Swiss businesswoman (born 1968)

Carolina Eva Maria Müller-Möhl (born 29 November 1968) is a Swiss businesswoman, private investor and philanthropist who is also known for women's activism. In 2023, her net worth was estimated at 700–800 million Swiss Francs (approximately $770–880m in 2024).

== Early life and education ==
Müller-Möhl completed her Abitur at the Schule Schloss Salem and then studied Political Science, History and Jurisprudence at Heidelberg University, London School of Economics and Political Science and Free University of Berlin, where she completed her Master of Arts in Political Science. Additionally, Müller-Möhl completed a certification in Women's Leadership Board at Harvard Kennedy School in Cambridge, Massachusetts and further qualifications at the Institute for European Studies at the University of Basel.

== Career ==
In 2000, Müller-Möhl founded Müller-Möhl Group as a single family office to actively manage the family's estate and assets. In 2012 she founded the Müller-Möhl Foundation, which she also chairs, to address socio-political causes such as education, gender equality and philanthropy in general.

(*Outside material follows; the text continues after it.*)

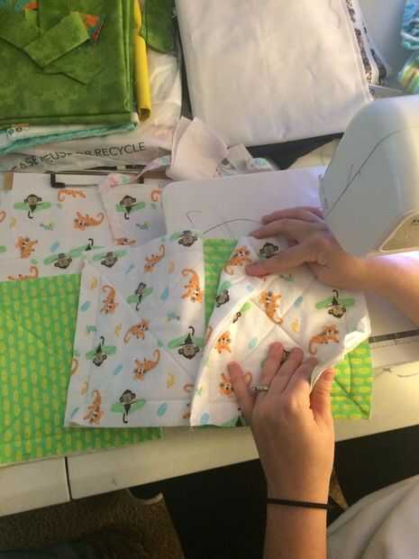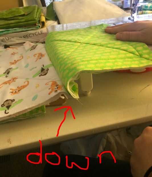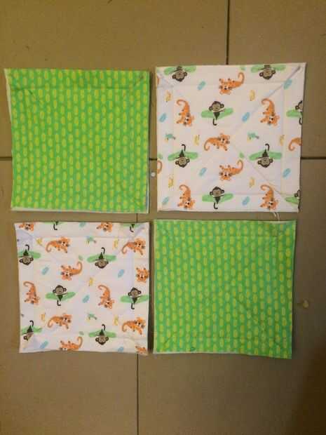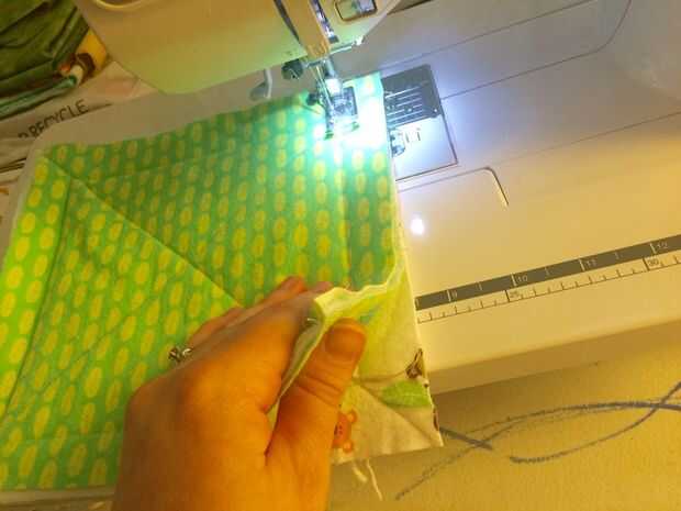 Disponer y decidir sobre un patrón de las telas sin embargo desea. A partir del final de una fila, apilar las piezas en orden, terminando con la primera pieza en la parte superior y el extremo opuesto de dicha fila en la parte inferior.

She currently sits on the supervisory board of Fielmann AG (since 2015). She has also served on the boards of directors of various companies, including Nestlé (2004-2012), Kühne Holding AG (2006-2008), Orascom (2008- 2022),Neue Zürcher Zeitung (2010-2022). At Nestle she also served on the Nomination Committee, where she played a significant part in increasing the represantation of women on the board.

Furthermore, she sits on several advisory boards and boards of trustees, including the think tank Avenir Suisse, the Departement of Economics at the University of Zurich, the MBA for Woman Foundation, Allbright Foundation and Woman Political Leaders. From 2013 to 2024 Müller-Möhl was a member of the advisory board of the Bertelsmann Foundation. She is a jury member of the SEF.WomanAward, presented annaully by the Swiss Economic Forum.

Müller-Möhl regularly appears as speaker, panellist and as columnist for Women in Business.

== Awards ==
In 2007 the World Economic Forum nominated her as Young Global Leader in recognition of her success and her socio-political engagement.

== Nominations ==
From the World Woman Foundation Müller-Möhl received the World Woman Hero Award in 2025.

Müller-Möhl has been namend one of the Top 100 Women in Business in Switzerland for many years. Bilanz ranks her among the Who's Who of investors in Switzerland.

== Personal life ==
In 1997, she married Ernst Müller-Möhl (1957–2000), private banker and financier. He died in an plane accident in 2000.

They had one son: Elias Müller-Möhl (born 1998), an alum of Columbia University, based in New York City.

In 2025, Müller-Möhl married secondly to Raymond Bär (born 1959), of the Baer family, in a private civil ceremony in St. Moritz. They were in a relationship for the past ten years.